Jenefer Blackwell is a Professor of Molecular Parasitology at the Telethon Kids Institute in the University of Western Australia. She studies host susceptibility and resistance to infectious diseases.

Early life and education 
Blackwell went to Methodist Ladies' College, Perth, in 1961. She graduated with First-class honours in Zoology from the University of Western Australia in 1969, and her PhD in 1974. Her dissertation, "The structure of the deme in the frog Crinia insignifera Moore," considered intra-specific divergence in the Western Australian frogs.

Research and career 
Blackwell moved to the UK in 1975 and worked at the London School of Hygiene & Tropical Medicine for 17 years. She was funded by a Wellcome Trust Senior Fellowship until 1991. In 1991 Blackwell joined the University of Cambridge, where she raised money to develop the Cambridge Institute for Medical Research as a GlaxoSmithKline Professor of Molecular Parasitology. She chaired the World Health Organization Leishmania Genome Consortium between 1992 and 2003. Blackwell discovered that cell-mediated immunity is responsible for the genetic risk of visceral leishmaniasis that allows genome-based vaccine development. She contributed to several books and review papers on genomics and leishmaniasis. Her research identified that infections caused by Leishmania donovani, Leishmania major and Leishmania mexicana were determined by genes near the H-11 locus.

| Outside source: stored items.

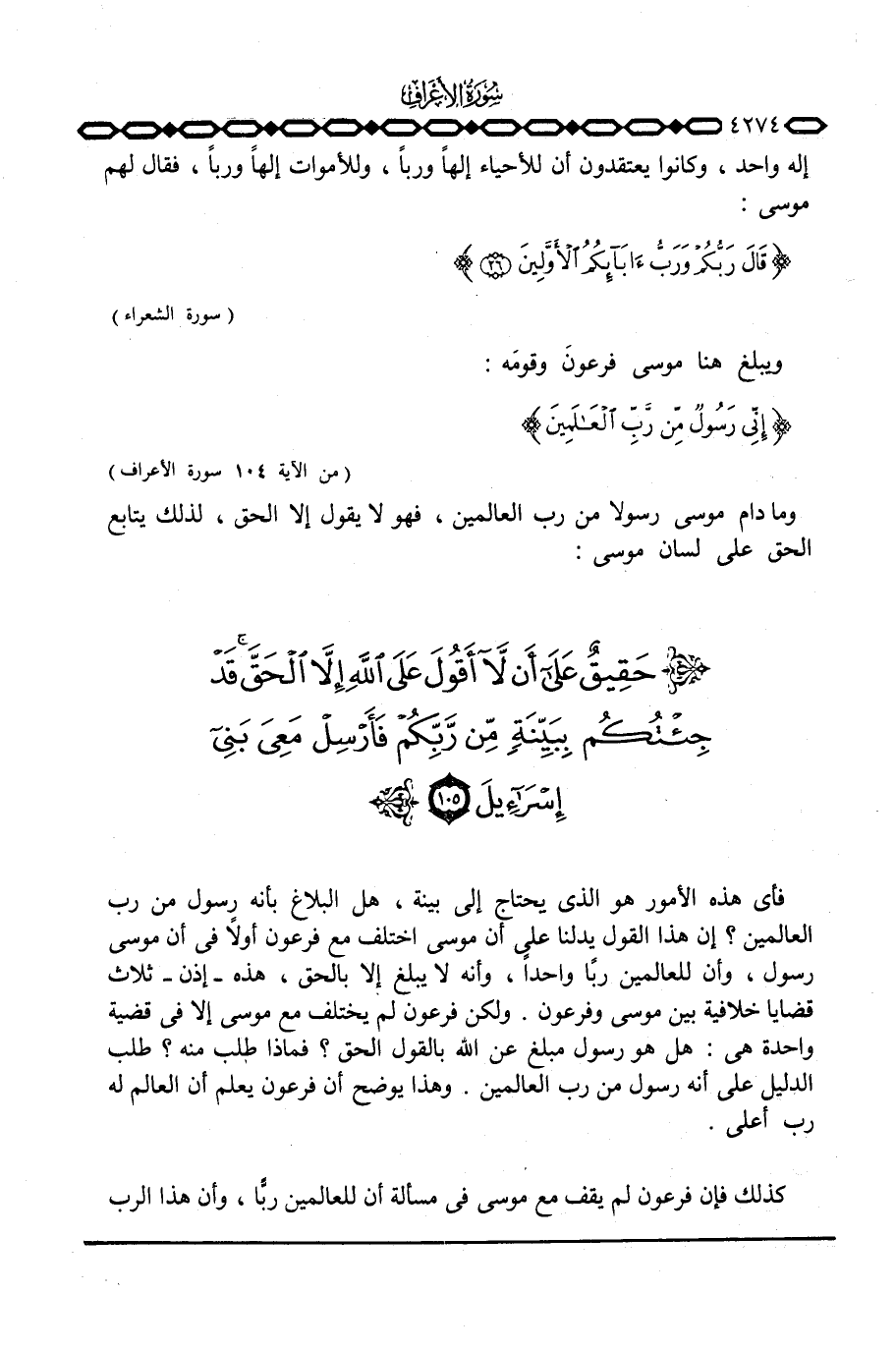 فأي هذه الأمور هو الذي يحتاج إلى بينة، هل البلاغ بأنه رسول من رب العالمين؟ إن هذا القول يدلنا على أن موسى اختلف مع فرعون أولاً في أن موسى رسول، وأن للعالمين رباً واحداً، وأنه لا يبلغ إلا بالحق، هذه - إذن - ثلاث قضايا خلافية بين موسى وفرعون، ولكن فرعون لم يختلف مع موسى إلا في قضية واحدة هي: هل هو رسول بلغ عن الله بالقول الحق؟ فماذا طلب منه؟ طلب الدليل على أنه رسول من رب العالمين. وهذا يوضح أن فرعون يعلم أن العالم له رب أعلى.
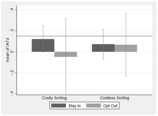 Perhaps the above results indicate that biased dictators are forward thinking with regard to these biases or otherwise self-aware enough to recognize their biases. If so, they may be simply choosing not to enter sharing environments where they can express this distaste or similarly choosing to express this distaste through their opting out. However, we see in Figure 5 the average IAT score for dictators in treatments with an exit option. Under costly and costless sorting schemes, the mean IAT score was descriptively smaller amongst those who stayed in (as compared to those who opted out), whereas in costless sorting, the mean IAT score was essentially the same. However, in both cases, this difference was not significant (costly: , ; costless: , ).
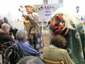 ゆうらいふ横浜のご入居者と職員のために、笛や太鼓のお囃子に合わせて獅子と大黒天様が舞い踊りました。
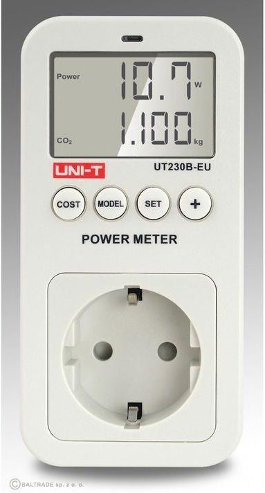 Miernik zużycia energii Uni-T UT230B-EU Gniazdo sieciowe z miernikiem zużycia energii Uni-T UT230B-EU Gniazdo sieciowe Uni-T UT230B-EU to zaawansowane narzędzie do monitorowania zużycia energii elektrycznej w Twoim domu lub biurze. Dzięki precyzyjnym pomiarom oraz funkcjom dodatkowym, takim jak obliczanie kosztów zużytej energii, to urządzenie jest idealne dla osób, które chcą świadomie zarządzać zużyciem energii i optymalizować swoje koszty. Gniazdo oferuje szerokie zakresy pomiarowe, umożliwiając dokładne monitorowanie napięcia (100-260 V), natężenia prądu (0-16 A), mocy (0-3680 W), współczynnika mocy (0-1) oraz energii (do 9999 kWh). Dzięki temu, użytkownik może w czasie rzeczywistym kontrolować parametry elektryczne urządzeń podłączonych do gniazda. Specyfikacja techniczna Napięcie znamionowe: od 100 V do 230 V AC / od 45 Hz do 65 Hz Dodatkowe zasilanie: bateryjne 3 V (CR2032) Maksymalne obciążenie: 16 A (3680 W) Minimalne zużycie: 0,4 W Energia: od 0 do 9999 kWh Dokładność zużycia energii: +/- 1% Minimalne wyświetlane zużycie energii: 0,01 kWh Czas pomiaru: Od 0 min do 9999 dni Emisja CO2: od 0 do 9999 kg Zakres pomiaru energii: od 0 kWh do 9999,99 kWh Zakres kosztów: od 0 do 9999 Zużycie energii: poniżej 0,5 W Wymiary wyświetlacza: 48 x 30,5 mm Wymiary: 130 x 65 x 37 mm Masa: 155 g
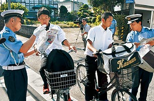 新制度は、信号無視や一時不停止、酒酔い運転、ブレーキ不良自転車運転などを危険行為に規定。傘差し運転や携帯電話を使いながらの運転も、安全運転義務違反として摘発の対象となる。3年以内に2回摘発されると手数料5700円を払って3時間の講習を受けなければならず、命令に反した場合は5万円以下の罰金が科される。
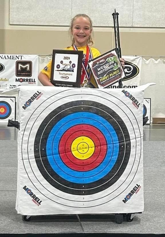 Benton Intermediate School’s Korie Gallagher shot 282 to win the girl’s elementary school bullseye division in the National Archery in Schools Program (NASP) Western National Championship held in Sandy, Utah, on April 26-27. Gallagher helped lead Benton Intermediate to second place in the NASP Bullseye Tournament in the elementary division.
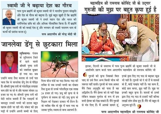 प्रधानमंत्री द्वारा पढ़े गए उन कसीदों के ठीक नीचे एक महिला का फोटो लगाकर विज्ञापन में लिखा है, 'डेंगू के कारण श्रीमती पुष्पा रानी के प्लेटलैट्स लगातार कम होते जा रहे थे और घटकर केवल 50 हजार रह गए थे। श्रीमती पुष्पा रानी की बेटी सरोज बताती हैं कि दवाइयों के बावजूद उनकी मम्मी की हालत बहुत खराब होती जा रही थी। संकट की इस घड़ी में उन्होंने अपनी मम्मी के लिए दिव्य बीज मंत्रों का पाठ किया। पाठ की शक्ति से जब उनकी मम्मी का दोबारा टेस्ट हुआ तो उनके प्लेटलैट्स 1 लाख 24 हजार हो गए। प्रभु की कृपा से वे पूर्णरूप से स्वस्थ्य हो गईं। प्रभु कृपा के विज्ञान को देखकर डॉक्टर भी हैरान हैं।'
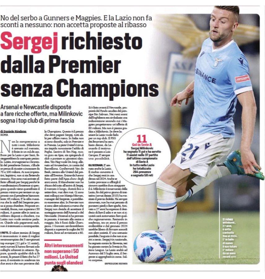 In a recent print edition, Corriere dello Sport revealed that Arsenal have reignited their interest in Lazio midfielder Sergej Milinković-Savić. It has been mentioned that the Gunners are hoping to move in for the Serbia international with the Italian outfit demanding €65m for his services this summer.
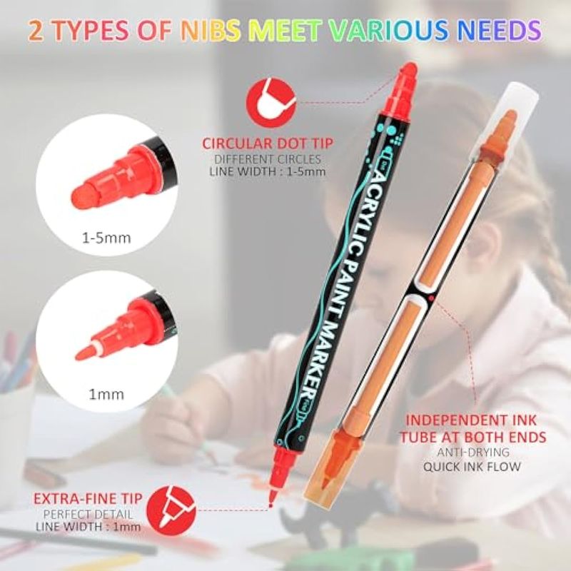 Regalo ideal: nuestros bolígrafos de pintura acrílica de doble punta adoptan tinta ecológica y cumplen con el certificado EN71 que es insípido, resistente a altas temperaturas, duradero, sin fugas, y tiene una gran cobertura. La elección ideal para manualidades y proyectos de adornos navideños como Navidad, Halloween, día de Pascua, día de San Valentín, día de Acción de Gracias, Año Nuevo o regalos especiales de vacaciones.
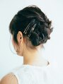 スタンダードにかわいいアップスタイルです。ダークトーンのカラーでも重たくならないアレンジ。シースルーバングで今っぽく。
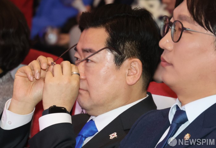 [서울=뉴스핌] 양윤모 기자 = 박찬대 더불어민주당 원내대표가 23일 오전 서울 여의도 국회 의원회관 대회의실에서 열린 '더불어민주당 전국청년위원회 발대식'에서 안경을 고쳐쓰고 있다. 이날 행사에는 진성준 더불어민주당 정책위의장,김병주 최고위원,모경종 전국청년위원회 위원장등이 참석했다. 2025.02.23 yym58@newspim.com
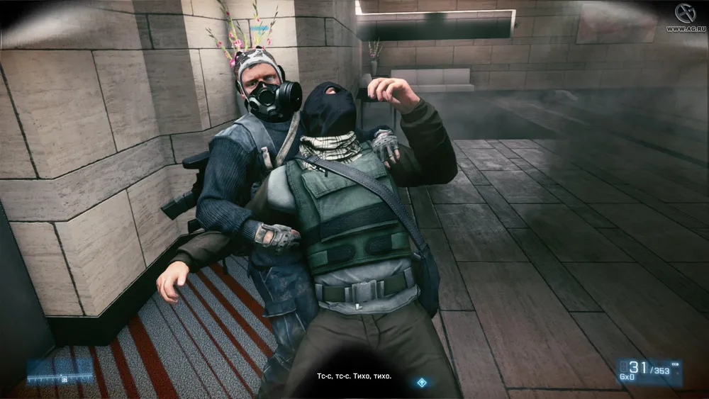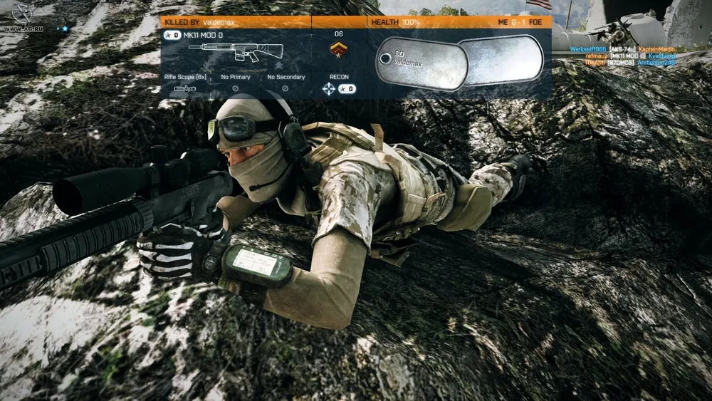 Тут и кроется одно из коренных отличий BF3 от MW3 (если отбросить масштаб и технику) — эта игра более реалистична, нацелена на более вдумчивые действия (в течении раунда можно менять оружие на классах, камуфляж и гаджеты на оружии), на большую командную сыгранность, чем на закон джунглей, что действует в CoD: “Победит сильнейший, каждый сам за себя”. Даже один умелый игрок практически ничего не сможет изменить на поле боя, если его не поддерживают товарищи и если у команды нет сыгранности на элементарном уровне (медик должен лечить, а не самоотверженно лезть на пулемёт, пулемётчик должен вовремя снабжать патронами союзников, а не с диким воплем носиться по уровню, забыв убрать палец со спускового крючка пулемёта), то о победе можно забыть как о страшном сне.
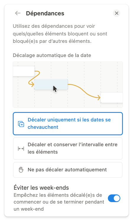 Déterminez les options de décalage automatique et cliquez sur “Activer les dépendances”
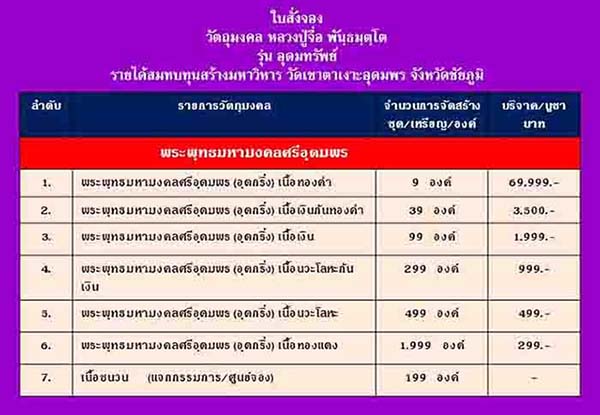 รายการที่ 6 พระพุทธมหามงคลศรีอุดมพร(อุดกริ่ง) เนื้อทองแดงองค์ละ 299 บาทมี 16 องค์
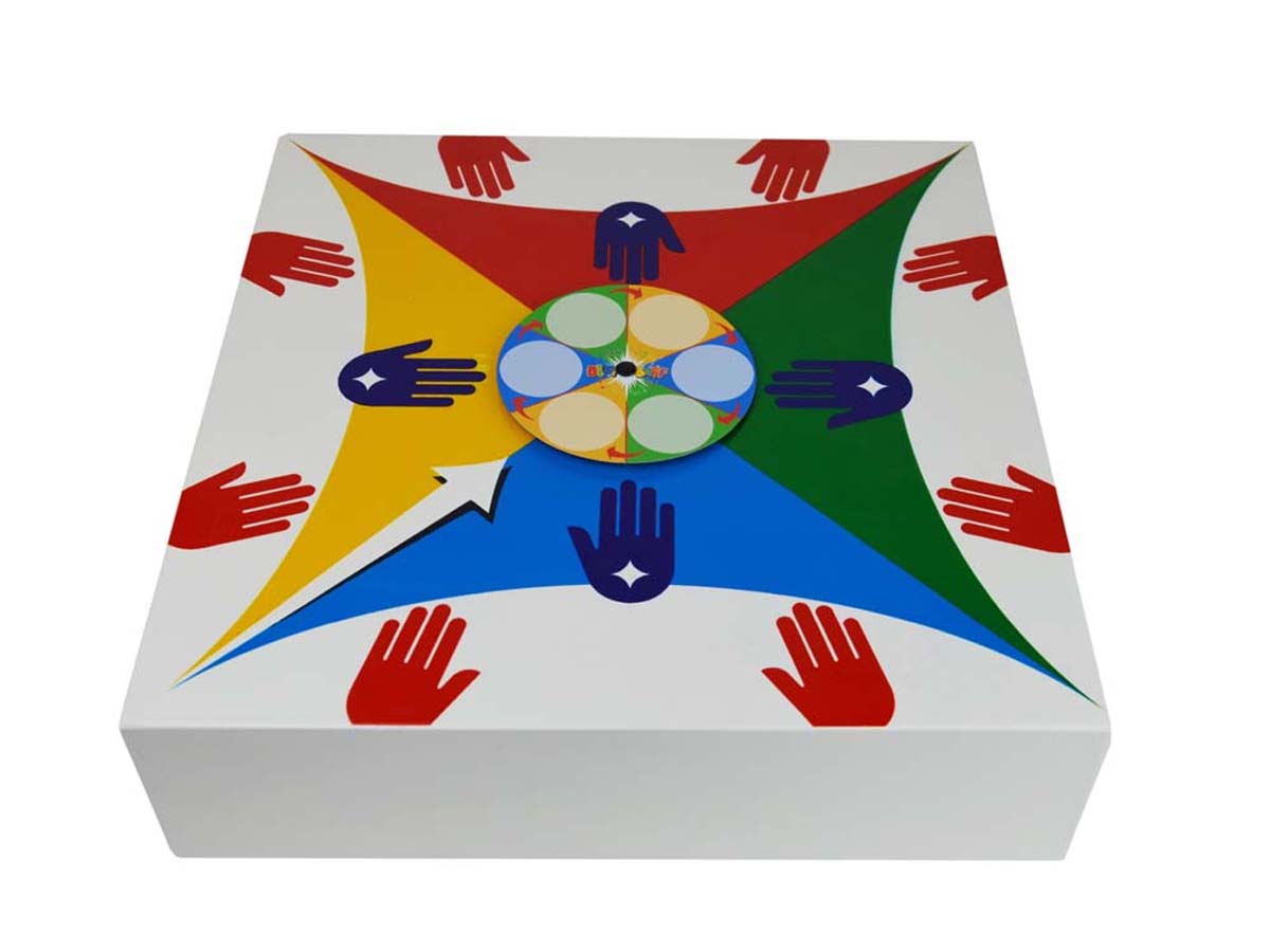 Der Dirigent von Biff Baff ist eine Drehscheibe, die auf abwechslungsweise Art und Weise unterschiedliche Rhythmusfolgen anleitet.

She returned to University of Western Australia in 2007, where she established a genetics laboratory at the Telethon Kids Institute. Here she is researching ear infection and metabolic diseases, genome-wide association studies of otitis media in Western Australian children, the use of metabolomics in emerging diseases and aboriginal genetics. She identified the genetic risk factors for high BMI, rheumatic heart disease and Type 2 Diabetes amongst aboriginal communities.

Awards and fellowships 
1994 - British Society for Parasitology Chris Wright Medal

2000 - Leverhulme Medal (Royal Society)

2000 - Elected Fellow of the Academy of Medical Sciences

2009 - Honorary Doctorate from the University of Khartoum

2015 - Elected Fellow of the Australian Academy of Science

2015 - University of Western Australia Vice Chancellor's Senior Research Award

References 

Living people
University of Western Australia alumni
Australian molecular biologists
Fellows of the Australian Academy of Science
Fellows of the Academy of Medical Sciences (United Kingdom)
Year of birth missing (living people)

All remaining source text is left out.